Publication : 25/08/2016
Nombre de pages : 256
ISBN : 979-10-226-0141-2
Prix : 18 €

L'échange

Eugenia ALMEIDA

ACHETER
Titre original : La tensión del umbral
Langue originale : Espagnol (Argentine)
Traduit par : François Gaudry
Prix
  • Prix Transfuge du meilleur roman hispanique - 2016

À la sortie d’un bar, une jeune femme menace un inconnu puis retourne son revolver contre elle-même et se suicide, ça ne regarde pas la police. “Tout au plus un épisode confus. Sans danger pour les tiers.”
Mais Guyot, le journaliste, s’obstine. Il veut comprendre. Il consulte des archives. Il lit les cahiers de la victime. Il cherche. Il ne voit pas les signaux d’alarme.
Parfois, il vaut mieux laisser tomber. L’importance du passé est surestimée. Si les gens restaient tranquilles, tout irait mieux.
Les voix se multiplient. Beaucoup de coups de fil. Entre les mots, du silence.
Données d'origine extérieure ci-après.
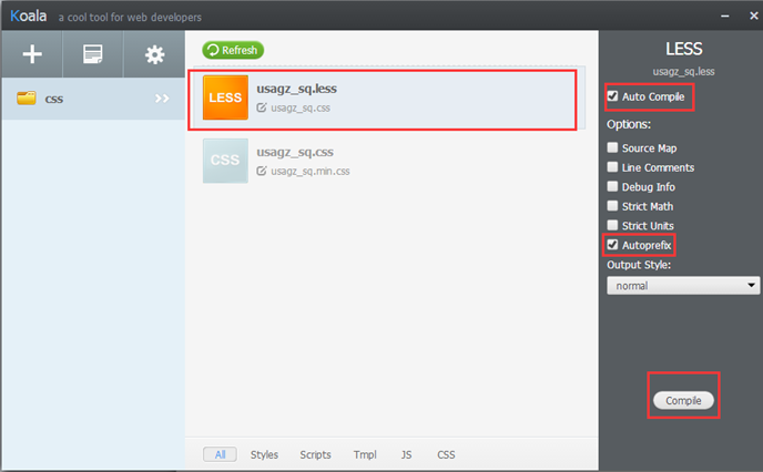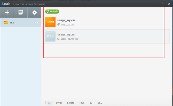 (2).新建css文件夹,把less文件放入文件夹中,打开安装好的koala,将整个css文件夹拖入koala中,less文件自动编译出.css文件

Des menaces avérées. Des crimes. L’atmosphère est opaque, l’air raréfié.
La mécanique de la violence est encore bien huilée ; les anciens maîtres du pouvoir policier des années 80 ont du mal à prendre leur retraite et veulent aussi parler de leurs sentiments.
Dans une prose concise et d’une densité extraordinaire, l’auteur de L’Autobus écrit un roman politique et métaphysique très noir, et montre les remous des âmes perverses et les alliances troubles des pouvoirs institués. Magnifique et glaçant.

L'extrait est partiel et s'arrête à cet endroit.